Tuning Distributed Dask Clusters with GPUs

Say you wanted a distributed Dask cluster with a total of 100 CPU cores, 1TB memory, and 10 GPUs.
What’s the best way to set up the cluster worker nodes?

Should the workers nodes be uniform? i.e. same number of workers/thread, same CPU/Memory,GPU, etc. Or does it not matter?

Is it best to have each worker node running on a single thread (1 worker per node), or does it not matter? i.e. does running multiple threads on a worker node create overhead that can be avoided by simply using more worker nodes to provide the same amount of workers?

Because GPUs can’t be easily shared between workers, will the requirement of 10 GPUs limit me to having a max of 10 workers threads running on the cluster?

Ex:

  • 10 workers nodes - Each node with a single worker running on a single thread, 10 CPU cores, 100GB memory, and 1 GPU (10 workers, single threaded, uniform)
  • 5 worker nodes - Each node with 2 workers running on 2 threads, sharing 20 CPU cores, 200GB memory, and 2 GPUs (10 workers, multi threaded, uniform)
  • 2 worker nodes - One worker node with 6 workers running on 6 threads, sharing 60 CPU cores, 600GB memory, and 6 GPUs. And the other worker node with 4 workers running 4 threads, sharing 40 CPU, 400GB memory, and 4 GPUs. (10 workers, multi threaded, non-uniform)
  • 10 worker nodes - Each node with a 2 workers running on 2 threads, sharing 10 CPU cores, 100 GB memory, and 1 GPU (20 workers, multi threaded, uniform, but workers > GPUs so there are 10 workers that don’t have access to the single GPU on the node)
  • etc.

In addition, does the Dask scheduler need to have GPUs?Is there a recommended amount of resources I should allocate to the scheduler with respect to the size of the cluster?

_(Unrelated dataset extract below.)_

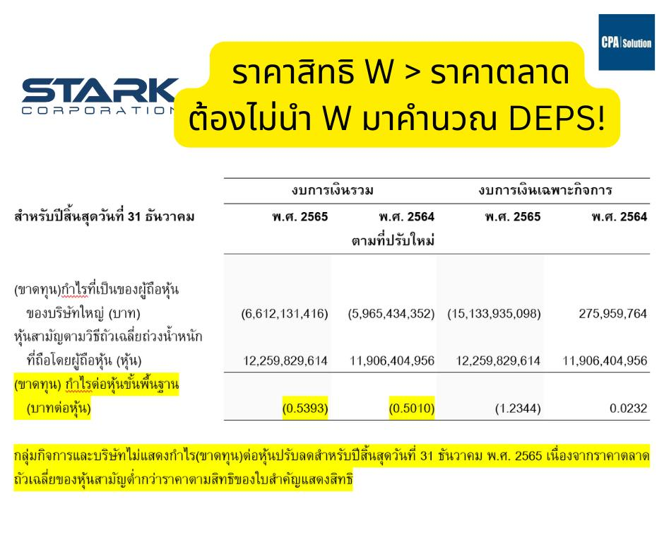 | คำตอบ | STARK มาอีกแล้วนะครับ คราวนี้เป็นประเด็นเกี่ยวกับ TAS 33 เรื่องกำไรต่อหุ้น STARK ก็มีใบสำคัญแสดงสิทธิซื้อหุ้น (warrant) คงค้างอยู่ ซึ่งถ้าผู้ถือ warrant ก็สามารถใช้สิทธิซื้อหุ้น STARK ในราคาตามสิทธิ 5 บาท ครับ แต่ว่าปัจจุบัน STARK ราคาแค่ 0.02 บาท เท่านั้น (ตอนสิ้นปี 2565 ก็ประมาณไม่ถึง 3 บาท) ดังนั้นคงไม่มีใครใช้สิทธิแน่นอน ด้วยเหตุนี้ warrant ที่ว่าจึงไม่กระทบกับกำไรต่อหุ้นนะครับ ดังนั้นพี่น้องจึงต้องทำความเข้าใจให้แม่นๆ นะครับว่า ถ้าราคาตามสิทธิของ warrant สูงกว่าราคาตลาด (เช่นกรณี stark ราคาตามสิทธิ 5 บาท แต่ราคาตลาดแค่ 0.02 บาท เท่านั้น) แบบนี้ก็จะไม่ effect อะไรกับการคำนวณกำไรต่อหุ้นปรับลด ลองดูจากหมายเหตุประกอบที่ผมใส่เข้าไปใน Post ประกอบนะ ………………………………… สู้เขานะครับ แล้วถ้าจะเตรียมสอบ AC1 – AC2 แบบออนไลน์หรือสดก็ inbox หรือ lineID: @cpasolution หรือ www.cpasolution.net เราเตรียมเนื้อหาที่ทันสมัยเพิ่มความมั่นใจกับพี่น้องผู้เข้าสอบอย่างเต็มที่ครับ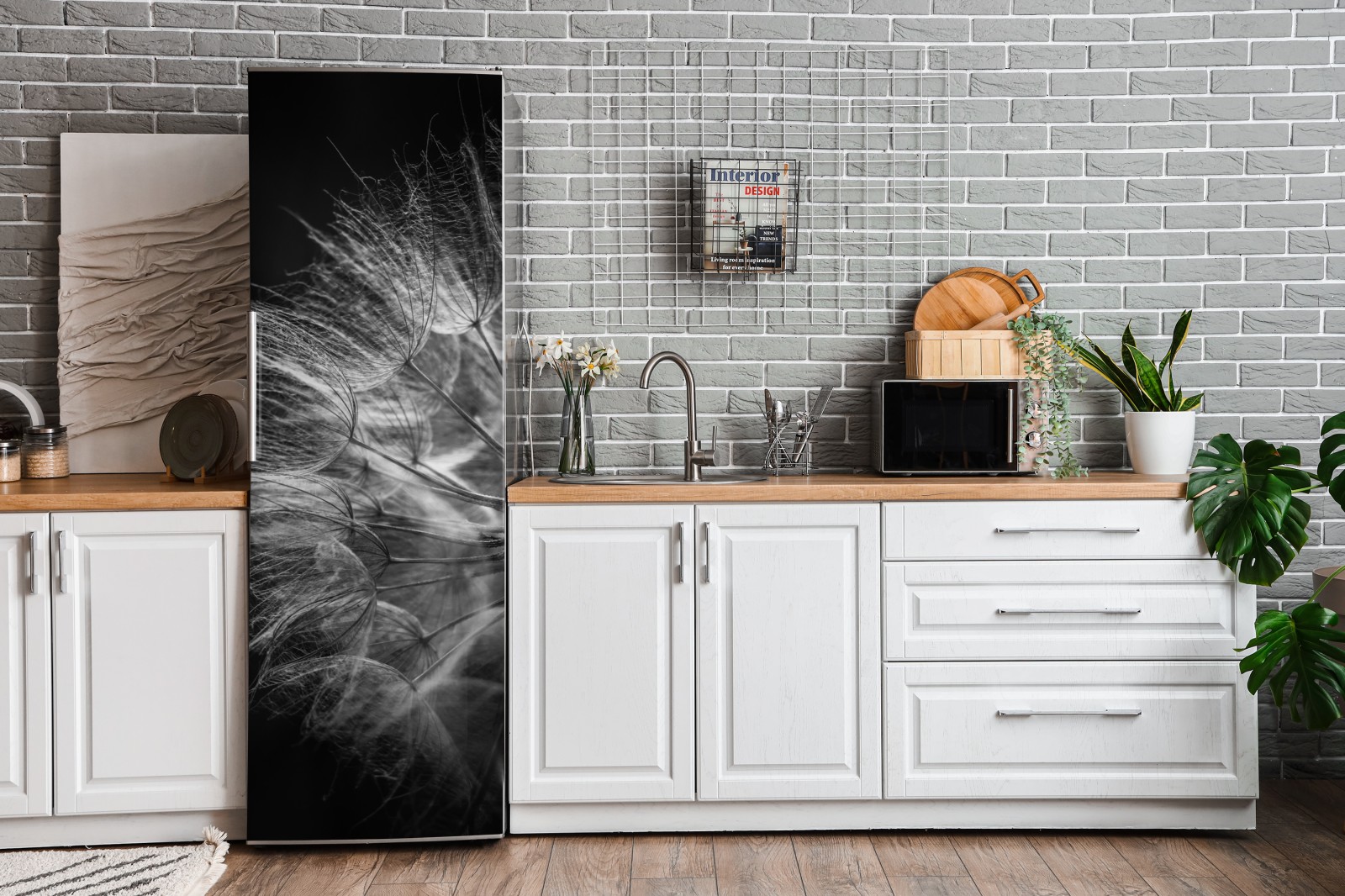Naklejka na lodówkę Delikatny puch dmuchawca w monochromie

Hi @txu0393 thanks for posting this question, maybe @jacobtomlinson and/or @quasiben can chip in here and provide some insight.

1 Like

Hello there @txu0393. Appreciate getting to chat with you and your team earlier today.

IIUC correctly, in addition to best practices around GPU worker configurations/resources, you are also interested in knowing how to configure GPU clusters using your existing dask-gateway installation with Kubernetes. You also mentioned that you are using a GPU operator (e.g., something like NVIDIA/gpu-operator on GitHub?).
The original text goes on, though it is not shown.